Description of the task
Using the data that follows, output only the lines from the line with "一年一度的農歷春節已經近在眼" up to and including the line with "resume.txt 에 6글자를", exactly, leaving pictures aside.

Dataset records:
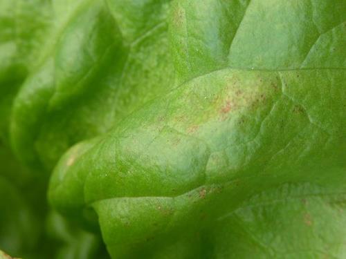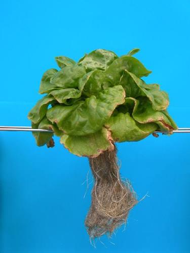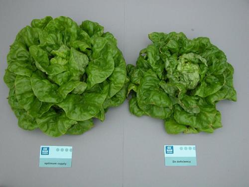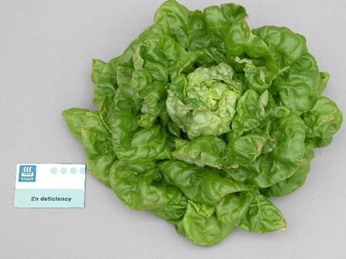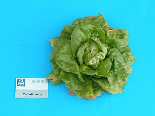 Symptoms of zinc deficiency on lettuce start on older or medium leaves. They develop papery, grey-green necrosic spots with brown borders on leaf margins. Necrotic areas increase quickly and flow together.
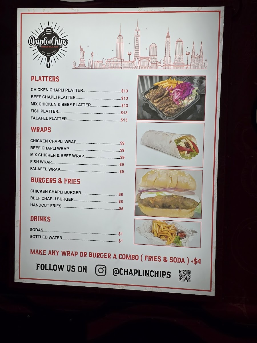 Welcome to Chapli & Chips, a hidden gem located at 257-03 Hillside Ave., Queens, NY. This food truck specializes in authentic Afghani cuisine, with the chapli kebab taking center stage. Each kebab is masterfully crafted—juicy, spicy, and bursting with flavor. Customers rave about the fresh, crispy fries that are perfectly paired with a variety of delectable sauces.
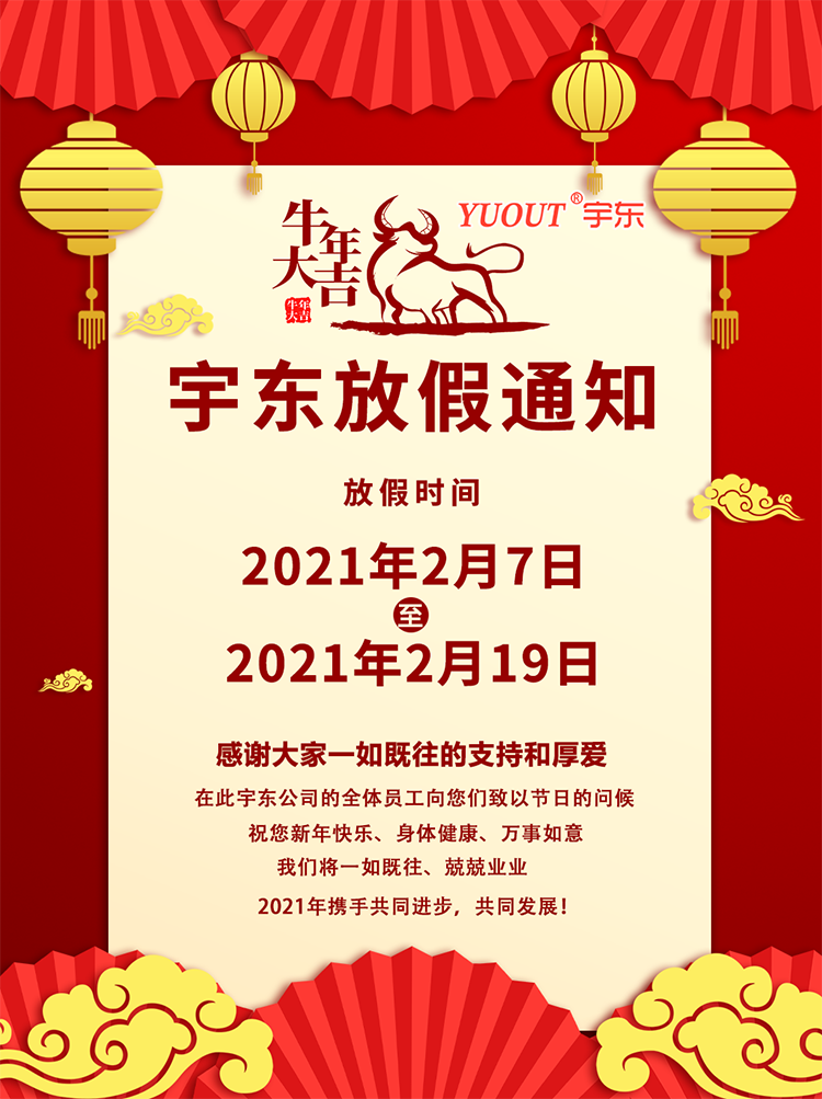 一年一度的農歷春節已經近在眼前,感謝大家對宇東公司的支持與厚愛,在此先預祝您新年快樂、身體健康、財源廣進!
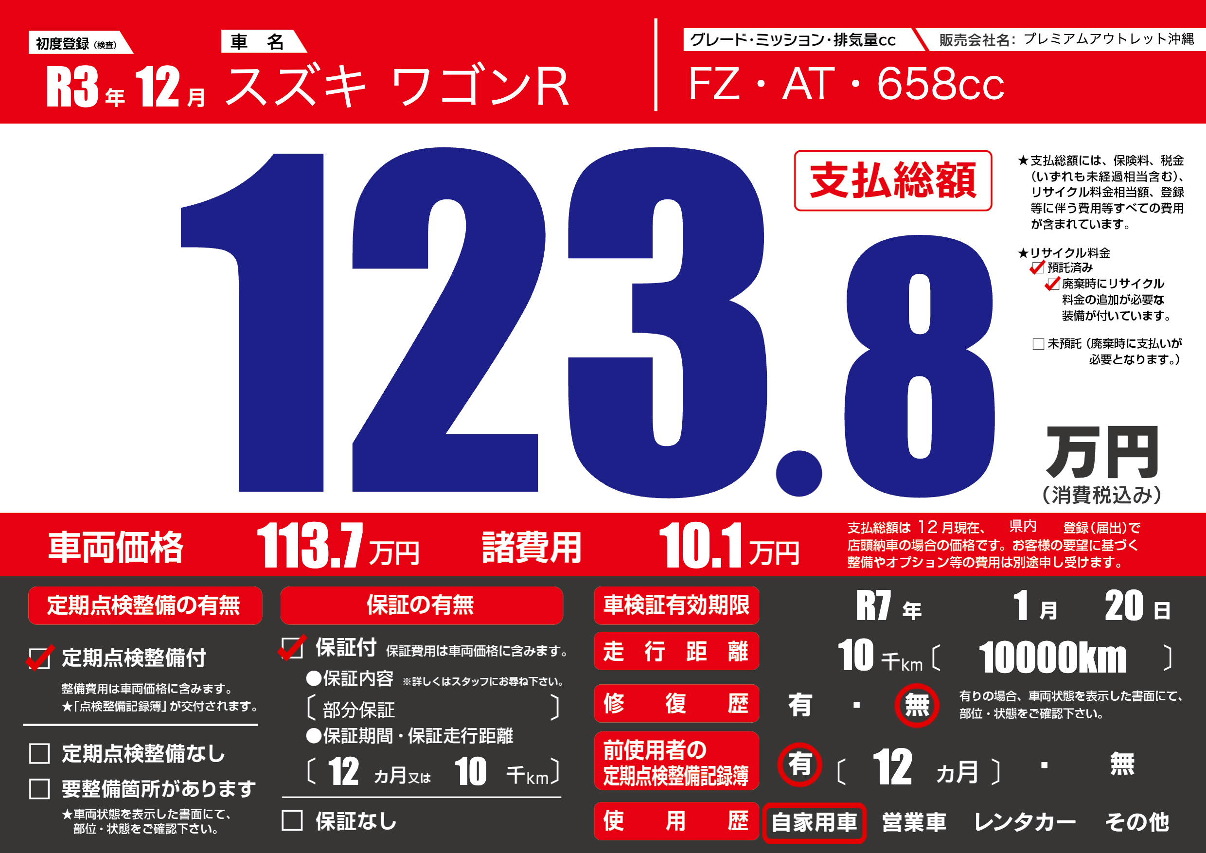 | 走行キロ | 1万km | 初年度登録 | R3年12月 |
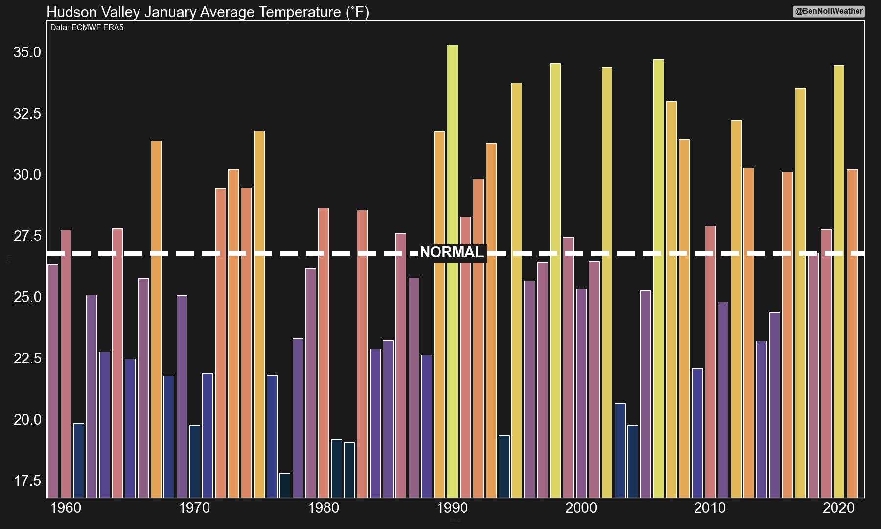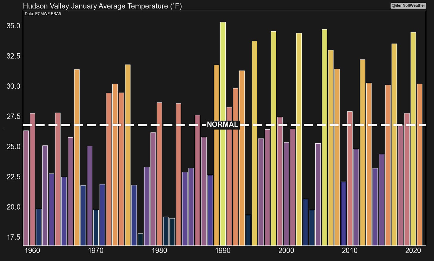 With a long-term average temperature of about 27 degrees, January is the coldest month of the year in the Hudson Valley.
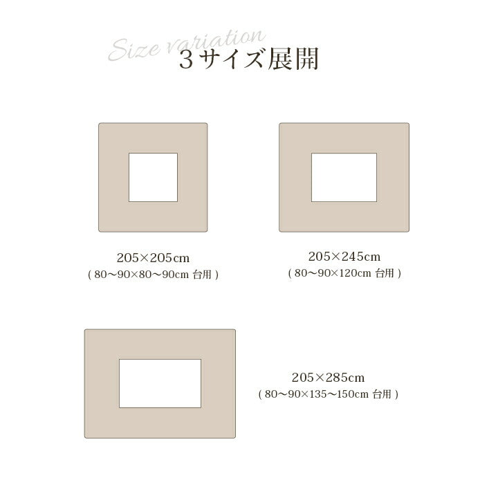 ・約205×205cm ・約205×245cm ・約205×285cm |
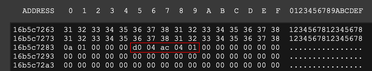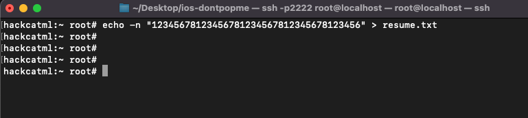 resume.txt 에 6글자를 더 채우면, 위 그림에서 "d0 04 ac 04 01"(0x104ac04d0)가 "36 04 ac 04 01"(0x104ac0436) 으로 오염될테고 크래시가 나겠죠? 채워봅시다. (echo -n 옵션을 사용하면 문자열 끝에 붙는 line feed 문자 "0a"를 제거합니다)
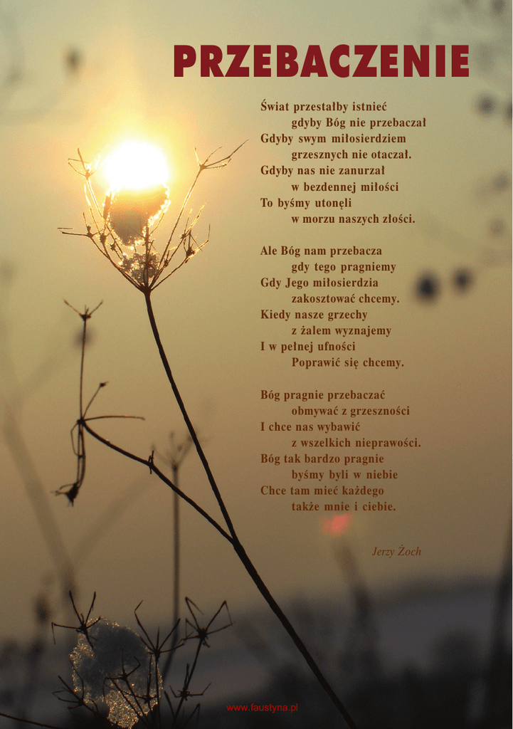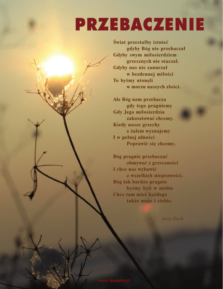 styczeń, luty, marzec 2014 19 PRZEBACZENIE Świat przestałby istnieć gdyby Bóg nie przebaczał Gdyby swym miłosierdziem grzesznych nie otaczał. Gdyby nas nie zanurzał w bezdennej miłości To byśmy utonęli w morzu naszych złości. Ale Bóg nam przebacza gdy tego pragniemy Gdy Jego miłosierdzia zakosztować chcemy. Kiedy nasze grzechy z żalem wyznajemy I w pełnej ufności Poprawić się chcemy. Bóg pragnie przebaczać obmywać z grzeszności I chce nas wybawić z wszelkich nieprawości. Bóg tak bardzo pragnie byśmy byli w niebie Chce tam mieć każdego także mnie i ciebie. Jerzy Żoch www.faustyna.pl
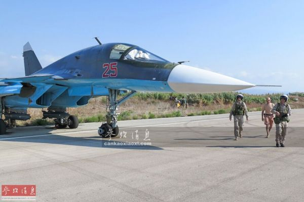 资料图片:图为驻扎在叙利亚赫梅尼姆空军基地的俄军苏-34战斗轰炸机。
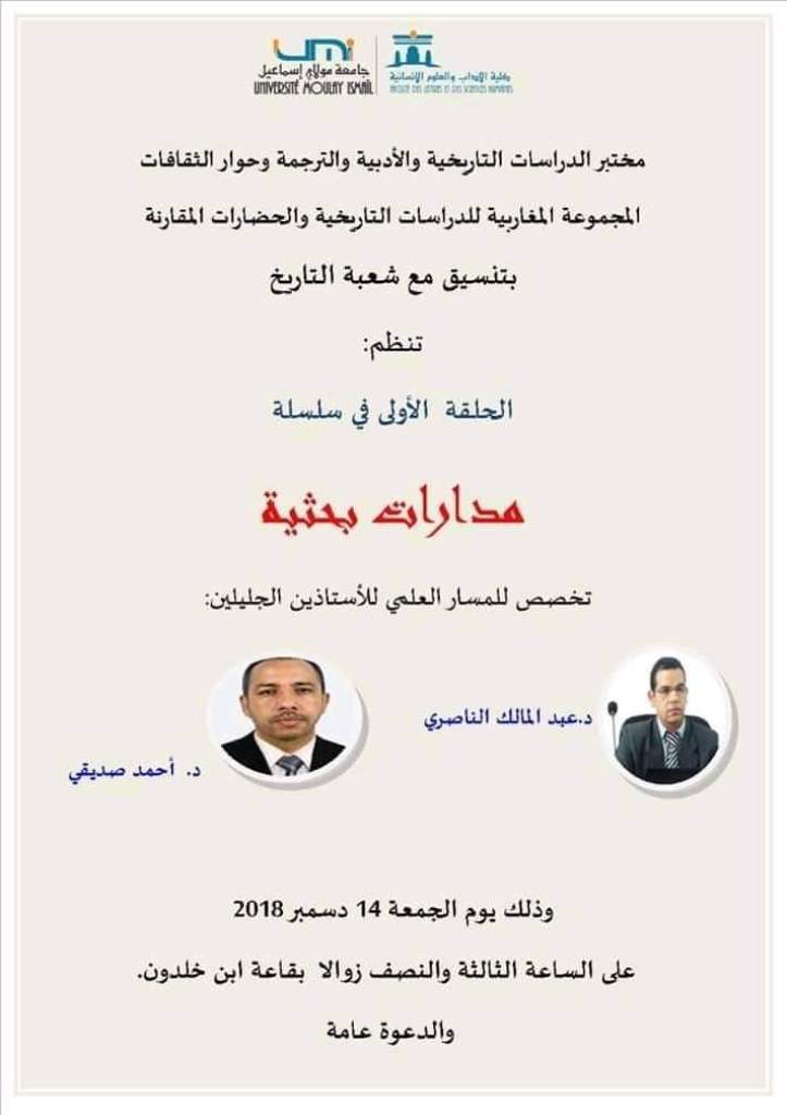 Vous êtes ici: Accueil / Archives du site / ينظم مختبر الدراسات التاريخية والأدبية والترجمة وحوار الثقافات والمجموعة المغاربية للدراسات التاريخية والحضارات المقارنة، بتنسيق مع شعبة التاريخ بكلية الآداب والعلوم الإنسانية بمكناس، الحلقة الأولى في سلسلة مدارات بحثية، تخصص للمسار العلمي للأستاذين عبد المالك ناصري وأحمد الصديقي.
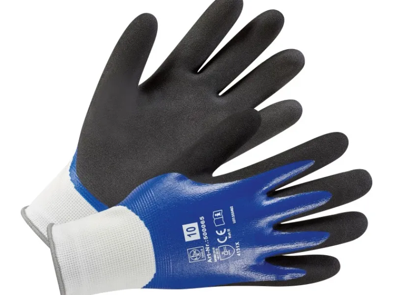 Das Design des Handschuhs zeichnet sich durch ein klares Blau auf der Handoberfläche, einem unempfindlichen Schwarz auf den Fingerkuppen und Handinnenflächen sowie Weiß am Handgelenk aus. Die Stulpe am Handgelenk schützt vor dem Eindringen von Schnittrückständen und weiteren Fremdkörpern.
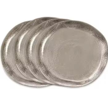 แผ่นที่ชาร์จโลหะสีเงินทนทานเครื่องใช้บนโต๊ะอาหารที่ออกแบบอย่างหรูหราสำหรับงานเลี้ยงอาหารค่ำในบ้านงานแต่งงานและการตกแต่งงาน
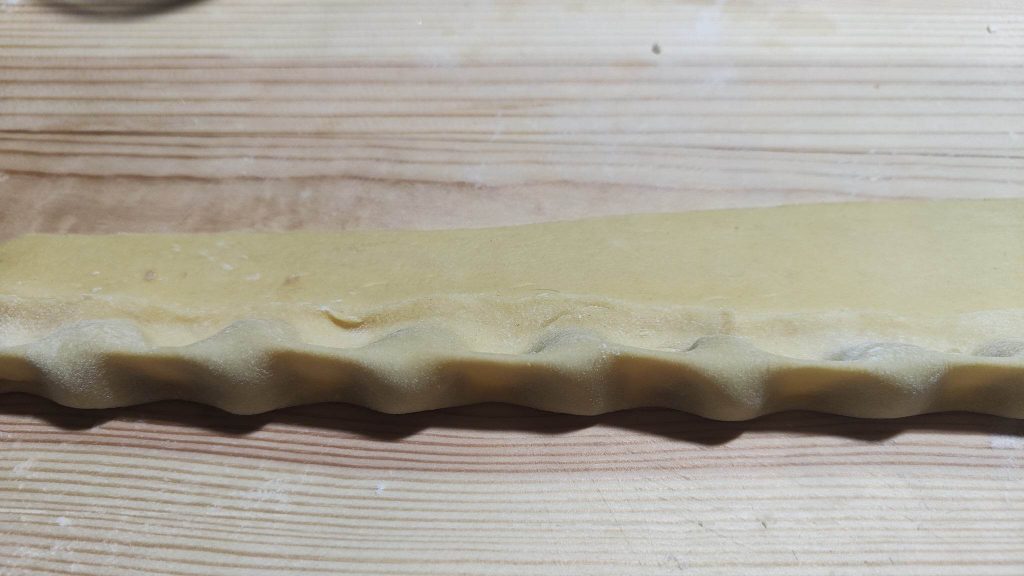 Avec une roulette à pâte dentelée, éliminez l’excédent de pâte sur toute la longueur et enfin pincez avec les doigts la pâte entre les farces pour former les agnolotti.
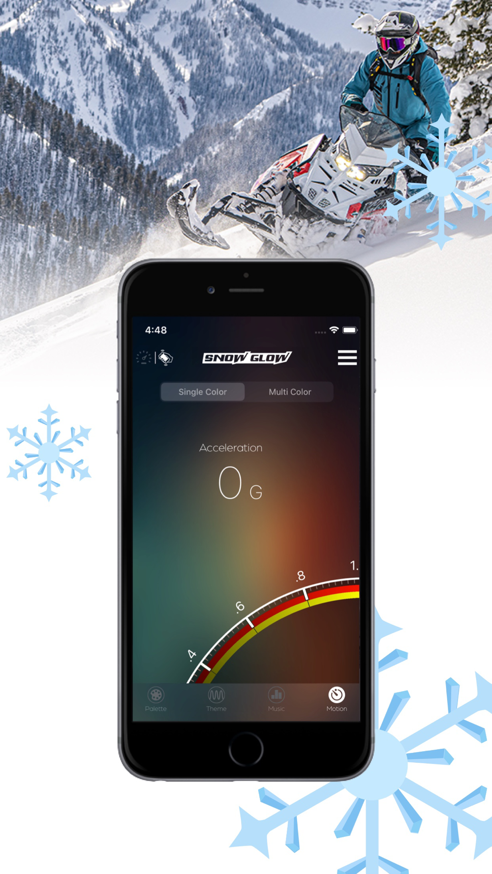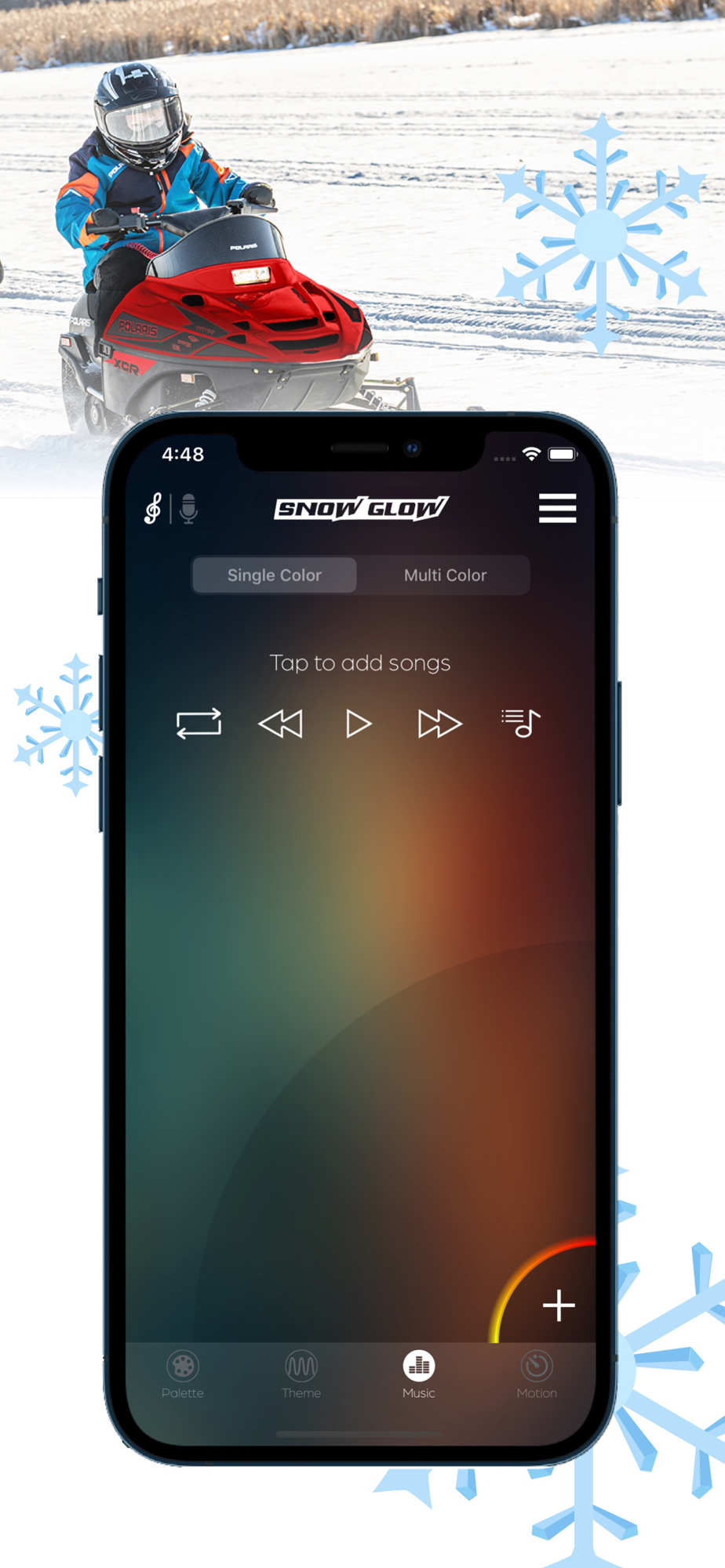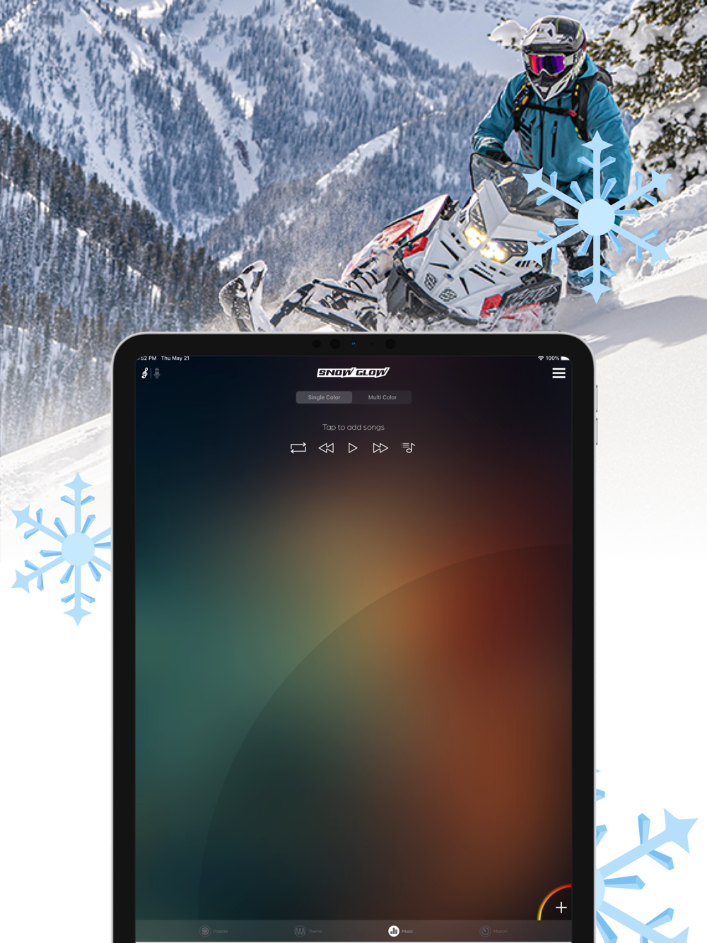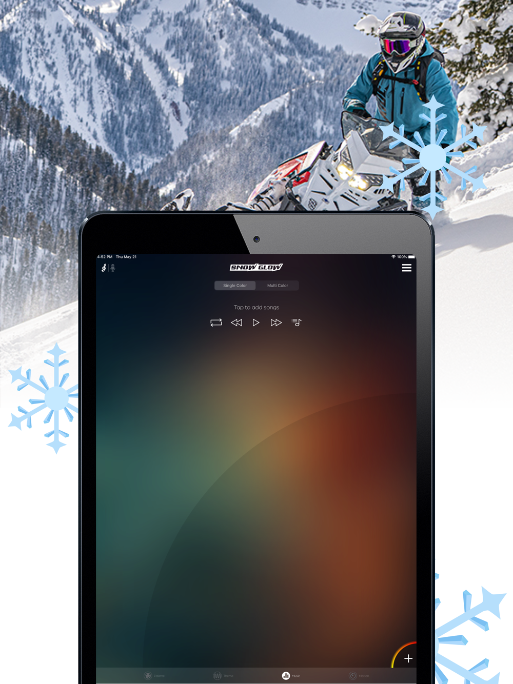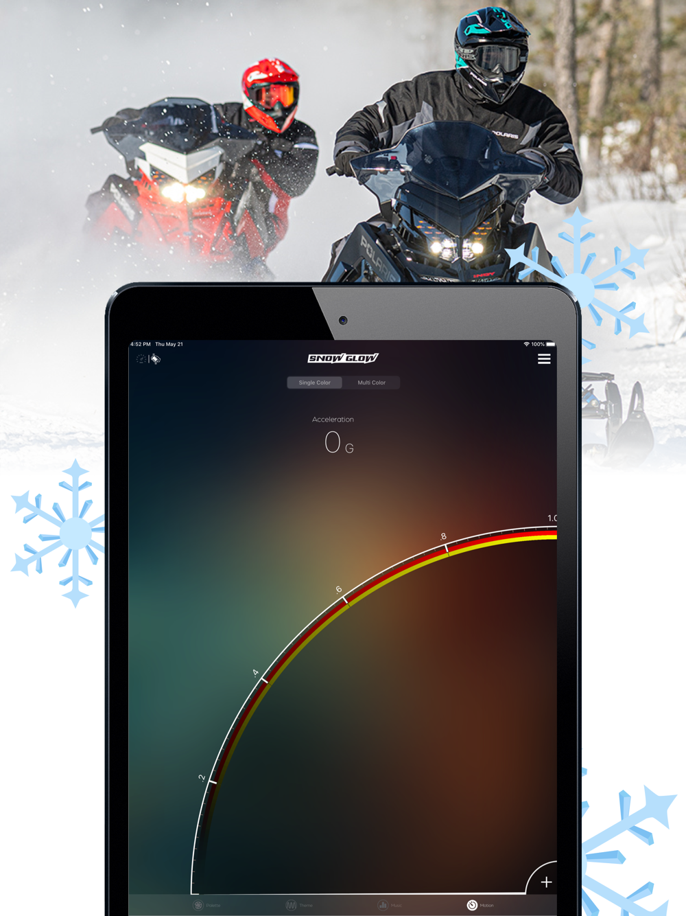 Snow Glow is an innovative smart accent lighting that transforms the look of your snowmobile in the dark. It highlights the beauty of your vehicle with 16 million colors and can pick one of them with your phone camera. Want to sing a song and let your vehicle dance to it with light? Turn on the music sync feature and prepare to be amazed. The app also comes with over 10 prebuilt holiday themes and the features to build your own theme for any memorable occasion you need.

Reply to the exercise
 一年一度的農歷春節已經近在眼前,感謝大家對宇東公司的支持與厚愛,在此先預祝您新年快樂、身體健康、財源廣進!
 | 走行キロ | 1万km | 初年度登録 | R3年12月 |
 With a long-term average temperature of about 27 degrees, January is the coldest month of the year in the Hudson Valley.
 ・約205×205cm ・約205×245cm ・約205×285cm |
 resume.txt 에 6글자를 더 채우면, 위 그림에서 "d0 04 ac 04 01"(0x104ac04d0)가 "36 04 ac 04 01"(0x104ac0436) 으로 오염될테고 크래시가 나겠죠? 채워봅시다. (echo -n 옵션을 사용하면 문자열 끝에 붙는 line feed 문자 "0a"를 제거합니다)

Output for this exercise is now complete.